Todo el barrio de la Feria acudió en masa a la corrida con un fervor bullicioso y patriótico. Los de la Macarena también llevaban su parte de interés, y los demás barrios populares se dejaron arrastrar por el mismo entusiasmo. ¡Un nuevo matador de Sevilla!.. No hubo entradas para todos, y fuera de la plaza quedaron miles de personas esperando ansiosas las noticias de la corrida.

Gallardo toreó, mató, fue volteado por un toro, sin sufrir heridas, y tuvo al público en continua angustia con sus audacias, que las más de las veces resultaron afortunadas, provocando colosales berridos de entusiasmo. Ciertos aficionados respetables en sus decisiones sonreían complacidos. Aún le faltaba mucho que aprender, pero tenía corazón y buen deseo, que es lo importante.
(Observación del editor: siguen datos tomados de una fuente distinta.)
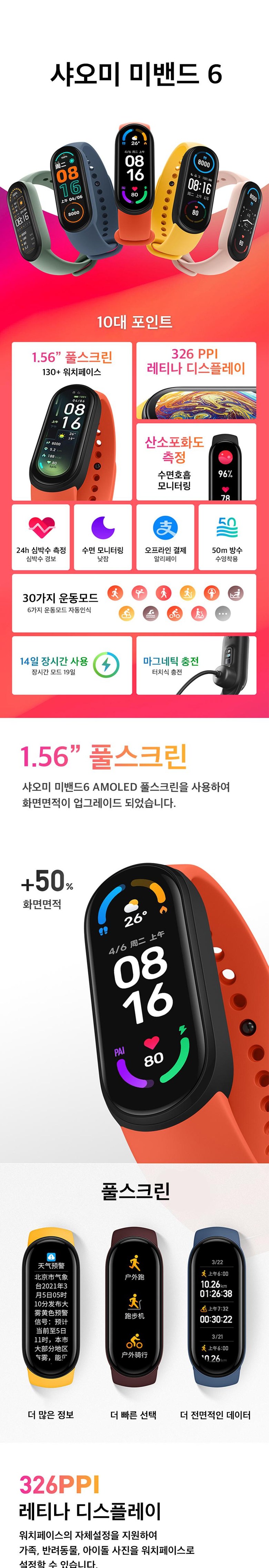 샤오미 미밴드6 2021년 최신상 한글화 지원/ 한글 패치 가능, NFC버전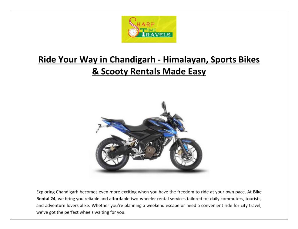 Ride Your Way in Chandigarh - Himalayan, Sports Bikes & Scooty Rentals Made Easy

– Sobre todo, entra a matar de veras y no se sale del terreno de la verdad.

Las buenas mozas amigas del diestro agitábanse borrachas de entusiasmo, con histéricas contorsiones, los ojos lacrimosos, la boca chorreante, agotando en plena tarde el léxico de palabras amorosas que sólo usaban por la noche. Una arrojaba su mantón al redondel; otra, por ser más, añadía la blusa y el corsé; otra llegaba a despojarse de la falda, y los espectadores agarrábanlas riendo para que no se arrojasen a la arena o no quedaran en camisa.

En otro lado de la plaza, el viejo magistrado sonreía enternecido al través de su barba blanca, admirando la valentía del muchacho y lo bien que le sentaba el traje de «luces». Al verle volteado por el toro se echó atrás en su asiento, como si fuese a desmayarse. Aquello era demasiado fuerte para él.
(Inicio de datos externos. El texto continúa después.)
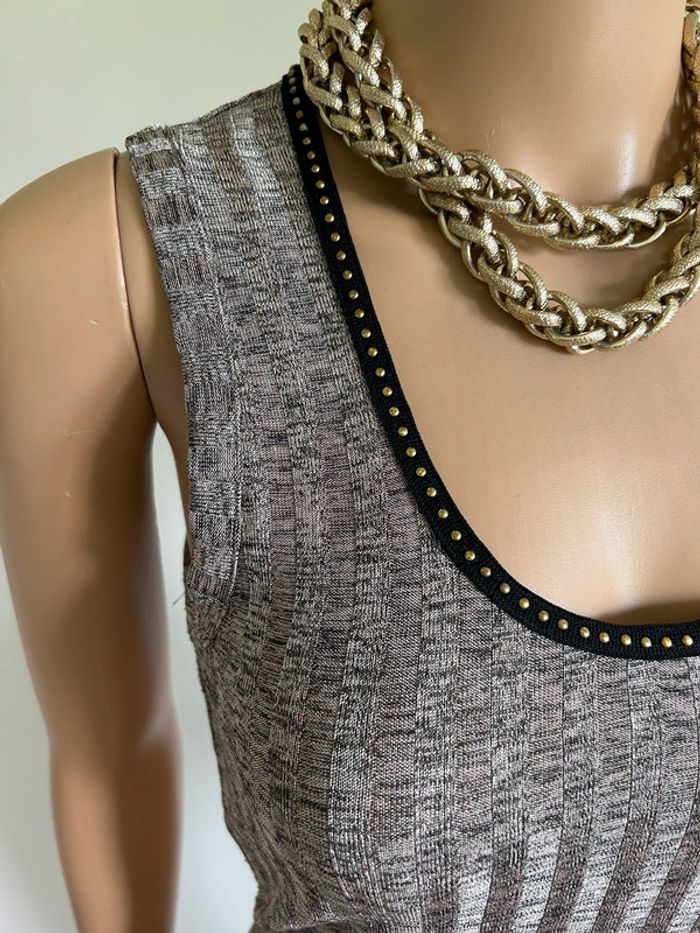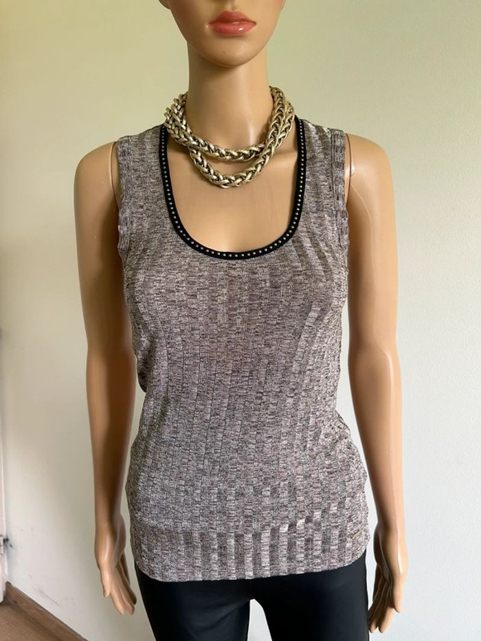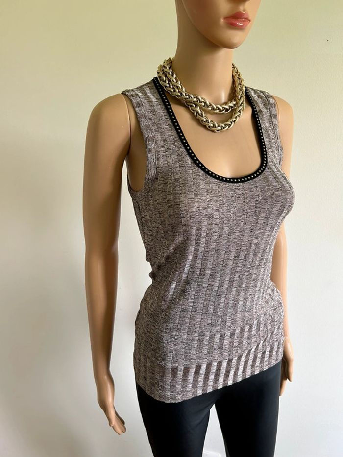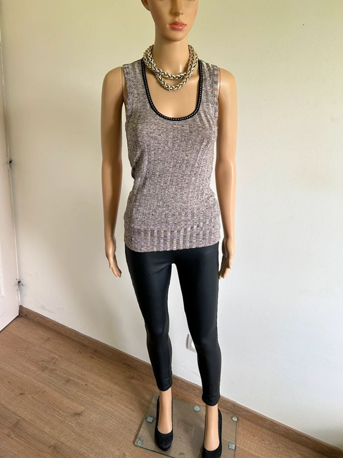 Joli débardeur gris sans manches, de marque Morgan. Taille S. Jamais porté, état neuf. aisselle à aisselle 35 cms à 43 cms taille 34 cms à 42 cms longueur depuis épaule 60 cms Le tissu est extensible Étiquette intérieure de composition coupée Le prix reste négociable dans la limite du raisonnable. Un petit cadeau dans le colis 🌸 (Boîte 2)

En una contrabarrera pavoneábase orgulloso el marido de Encarnación, la hermana del diestro, un talabartero con tienda abierta, hombre sesudo, enemigo de la vagancia, que se había casado con la cigarrera prendado de sus gracias, pero con la expresa condición de no tratar al «maleta» de su hermano.

Gallardo, ofendido por el mal gesto del cuñado, no se había atrevido a pisar su tienda, situada en las afueras de la Macarena, ni a apearle el ceremonioso usted cuando de tarde en tarde le encontraba en casa de la señora Angustias.

– Voy a ver cómo corren a naranjazos al sinvergüenza de tu hermano – había dicho a su mujer al ir a la plaza.

Y ahora, desde su asiento, saludaba al diestro, llamándole Juaniyo, tratándole de tú, pavoneándose satisfecho cuando el novillero, atraído por tantos gritos, acabó por fijarse en él, contestándole con un movimiento de su estoque.

– Es mi cuñao – decía el talabartero, para que le admirasen los que estaban junto a él – . Siempre he creío que este chico sería argo en er toreo. Mi señora y yo le hemos ayudao mucho…

La salida fue triunfal. La muchedumbre se abalanzó sobre Juanillo, como si fuese a devorarlo con sus expansiones de entusiasmo. Gracias que estaba allí el cuñado para imponer orden, cubrirle con su cuerpo y conducirlo hasta el coche de alquiler, en el cual se sentó al lado del novillero.